Nelson listened, and several days later suggested something quite different: four tight-focus plays about an intimate family constellation, responding to the public issues of the time from a personal perspective. “We’ve become used to viewing our politics and our political landscape through the lens of journalists or commentators who are now comedians,” says Nelson. “What has been missing from our political forum is the individual’s voice.” Nelson’s plays set out to shift that dynamic. Each of The Apple Family Plays unfolds over a meal in the same room, taking place in roughly real time and in naturalistic dialogue, full of the eddies, switchbacks, and contradictions of family conversation.

To add to the project’s sense of immediacy, each play opened at The Public Theater on the day it is set. To add to the play’s historical resonance, each play is set on a day of political and historical significance: Election Day 2010 (That Hopey Changey Thing); September 11, 2011 (Sweet and Sad); Election Day 2012 (Sorry); and the 50th anniversary of John F. Kennedy’s assassination in November 2013 (Regular Singing).  Nelson initially called That Hopey Changey Thing a “disposable play,” imagining that it would be interesting to an audience in its first iteration in fall 2010, but ultimately evanescent. As he has continued to explore the Apple family’s story, however, the near-historicity of the plays has proven compelling—Eustis is producing all four in rep at The Public this fall—in part because the audience knows that time will knock the edges off the characters’ sense of despair or triumph. From the distance of a year or two, Nelson’s plays reveal themselves to be as much about time, intimacy, and family as they are about the characters’ ebb and flow of political engagement and disillusionment.
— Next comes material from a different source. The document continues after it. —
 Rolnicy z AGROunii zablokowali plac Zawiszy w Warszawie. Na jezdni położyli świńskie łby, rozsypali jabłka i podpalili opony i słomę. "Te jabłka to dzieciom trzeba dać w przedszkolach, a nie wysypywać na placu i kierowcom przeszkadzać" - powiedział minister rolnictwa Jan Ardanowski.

Instead of the epic political gesture that Eustis first envisioned, The Apple Family Plays provide a human-sized space to reckon with the promise, annoyance, and potential payoff of life in community with the family’s fellow Americans. “Every scene is a little psalm,” writes critic Scott Brown. “I’ve been trying to find words to describe what it felt like to be inside that theater as the election raged noisily outside, what it’s like listening to the Apples speak to each other in inside voices. It was a near-religious feeling of shared citizenship, one of the things theater was invented to foster…. [Nelson’s plays are] more than moments in time: They’re about what comes next, how hard it will be, and how we have no choice but to go through it together.”